As mentioned above, our best scheduling channel in terms of Delivery Performance is self-scheduling. This makes sense: self-scheduling means the recipient visits our website and explicitly tells us the (day, time, location) they want us to deliver the order. These are recipients who really want their orders, and are willing to invest time to give us high-quality scheduling coordinates. So this is a biased, but highly valuable group.

Clearly, more self-scheduling is better for any delivery company. How can we get more self-scheduling? The basic scheduling flow is for us to send out notifications to the recipients that their orders are ready to go in our last mile warehouse in their city. There are various notification channels, the biggest one is SMS. The message contains a link to our mweb scheduling page, where the recipients can self-schedule. If we can get more people to click and convert, we get more self-scheduling, which means we will have higher overall Delivery Performance (since this is the best channel wrt Delivery Performance).

We ran many A/B tests on notifications, and found that getting the language right matters a lot. In our markets, the biggest split is between English and Arabic (the third would be Hindi). So the challenge is, given a name like “Marton Trencseni” (Hungary), “Mohit Ahuja” (India), or “Tariq Sanad” (Bahrain), all expats living in the UAE, what is the right language? In the first 2 cases, it should be english, in the last it should be arabic.


We experimented with numerous Scikit Learn models, but in the end we went with a hand-rolled one. We were not able to use public datasets for this classification task, because these datasets are highly polluted:

  • many common arabic names are also common in non-arabic countries (eg. India)
  • popular arabic names also show up in english speaking country’s name databases (eg. Ali, Ahmed are very common in US/UK)

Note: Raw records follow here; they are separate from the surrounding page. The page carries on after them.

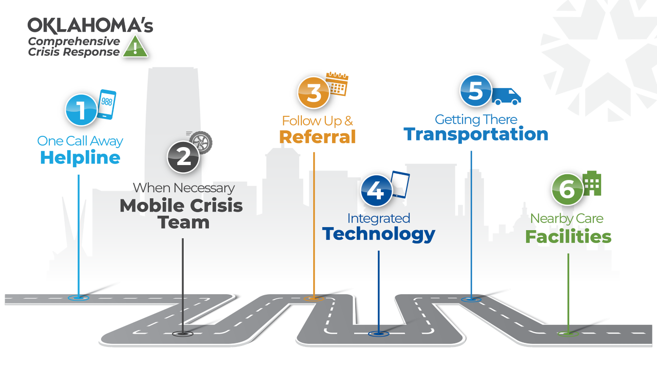 Oklahoma's Comprehensive Crisis Response system expands beyond the national 988 lifeline with systems specifically designed to work within the state's mental health infrastructure. As of January 2023, ODMHSAS has implemented the following to better serve Oklahomans: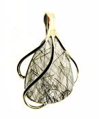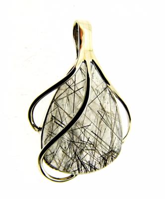 925 SILVER DESIGNER PENDANT FEATURING A LARGE DOME POLISHED TEARDROP CABOCHON IN BLACK TOURMALINE IN QUARTZ.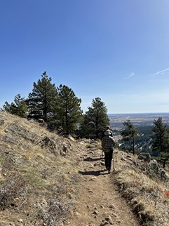64) Chapman Drive, City of Boulder Open Space and Mountain Parks, Boulder, CO, December 30, 2024 - Our last hike of the year wasn't a big one but it shows we are ending the year healthy enough to still get out to enjoy the beautiful outdoors. Alan's broken ribs and Jonna's broken foot are both on the mend. We were going to hike down in Boulder but it was crazy windy so we drove a little ways back up the canyon to hike the Chapman Drive trail. It is protected from the wind by the foothills but still open enough to get some mid-day sun. We climbed halfway up Flagstaff mountain and were thankful to find the trail dry and clear. At the halfway point we turned back not wanting to stress Jonna's foot too much on our first hike in the three weeks since she injured it. Nothing fancy but we were glad to end the year with another hike. A 2.5 mile out-and-back with 550 feet of elevation gain.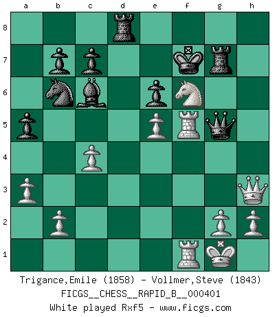 Last move : 0-1 2025 July 5 20:48:23 [Event "FICGS__CHESS__RAPID_B__000401"] [Site "FICGS"] [Date "2025.03.18"] [Round "1"] [White "Trigance,Emile"] [Black "Vollmer,Steve"] [Result "0-1"] [WhiteElo "1858"] [BlackElo "1843"] 1.e4 Nf6 2.e5 Nd5 3.d4 d6 4.c4 Nb6 5.f4 dxe5 6.fxe5 Nc6 7.Be3 e6 8.Nf3 Bb4+ 9.Nc3 O-O 10.Bd3 h6 11.O-O Be7 12.a3 a5 13.Qd2 f5 14.Bxh6 gxh6 15.Qxh6 Rf7 16.Rf2 Rg7 17.Ne2 Bg5 18.Nxg5 Qxg5 19.Qh3 Bd7 20.Nf4 Nxd4 21.Nh5 Bc6 22.Nf6+ Kf7 23.Raf1 Rd8 24.Bxf5 Nxf5 25.Rxf5 Qxg2+ 26.Qxg2 Rxg2+ 27.Kh1 exf5 0-1 Follow this game move after move (download)There's never before been a Chess player with such a thorough knowledge of the intricacies of the game and such an absolutely indomitable will to win. I think Bobby is the greatest player that ever lived. (Lisa Lane) Ich bin stolz ein Bulgare zu sein. (Veselin Topalov) Una buena memoria, concentración, imaginación y una fuerte voluntad, se requiere para llegar a ser un buen jugador. (Bobby Fischer) Psychologiquement, tu dois avoir confiance en toi même, mais cette confiance doit être basée sur des faits. (Robert Fischer) Excelling at chess has long been considered a symbol of more general intelligence. That is an incorrect assumption in my view, as pleasant as it might be. But for the purposes of argument and investigation, chess is, in Russkin-Gutman's words, 'an unparalleled laboratory, since both the learning process and the degree of ability obtained can be objectified and quantified, providing an excellent comparative framework on which to use rigorous analytical techniques.' (The Chess Master and the Computer, by Garry Kasparov - 2010)
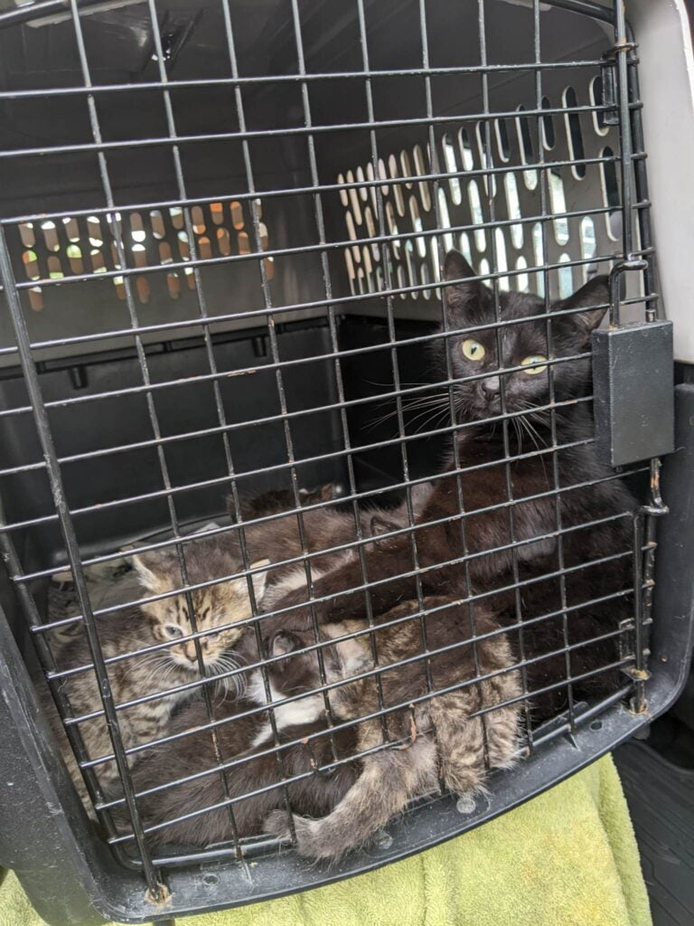 The Kentucky Humane Society (KHS) is on the ground in Eastern Kentucky through today, where it spent the past week supporting shelters, animals and communities impacted by the floods in 2022. Since Tuesday, KHS has made multiple trips to the region to deliver free pet veterinary services to local residents and deliver thousands of dollars of supplies and staff support to the Kentucky River Regional Animal Shetler (KRASS) and Floyd County Animal Shelter (FCAS). KHS is also transporting to KHS several animals in need of urgent medical care – a dog with tumors and Demodectic mange and a cat with a damaged eye and her kittens, some of whom are suffering from upper respiratory infections.

So in the end we used names from our own delivery dataset (10M+ deliveries) to bootstrap a classification dataset, where we used frequency in mostly homogeneous countries as an initial signal and went from there. This worked, but then we realized that the algorithms (n-gram frequency and co-occurrence counting) we used to do the bootstrapping can also be re-used for the classification task, there’s no need for Scikit Learn. The resulting hand-tuned model is 99% accurate.

Operational choice

This is the latest family of models we introduced at Fetchr. From a Machine Learning perspective this is the most straightforward: we have a large number of features (essentially columns in our data warehouse) available for our historic dispatches:

  • sender’s information
  • recipient’s information (address, etc.)
  • recipient’s historic information
  • geography
  • scheduling channel
  • timing
  • etc.

For each dispatch, we know whether it was successfully delivered or not. Given our historic data, we can build a classifier which predicts which orders will be delivered (or not) tomorrow (or a later date), of all orders scheduled for dispatch. After one-hot encoding, our feature vector length is in the 1000s, and we can achieve 90%+ accuracy with out-of-the-box Scikit Learn models. In other words, perhaps not too surprisingly, it is possible to predict the chances of delivery success quite well.

Operational choice

What are the use-cases for using delivery prediction? Not dispatching orders, even if they have low predicted probability of delivery success is not an option; it's our job to attempt the delivery! But we can use the relative probabilities to prioritize orders to increase the chances of success and improve efficiency. Another potential use-case, currently not planned at Fetchr, is differential pricing.


I worked at Facebook in 2016-17 and experienced a very effective Data Science culture as part of a product team. We’ve been building Data Science at Fetchr based on this template and it has worked out well so far. We had significant impact in the past 2 years, both with our Analytics and our Machine Learning projects. Opportunities for automating, optimizing and enabling processes with ML are plentiful.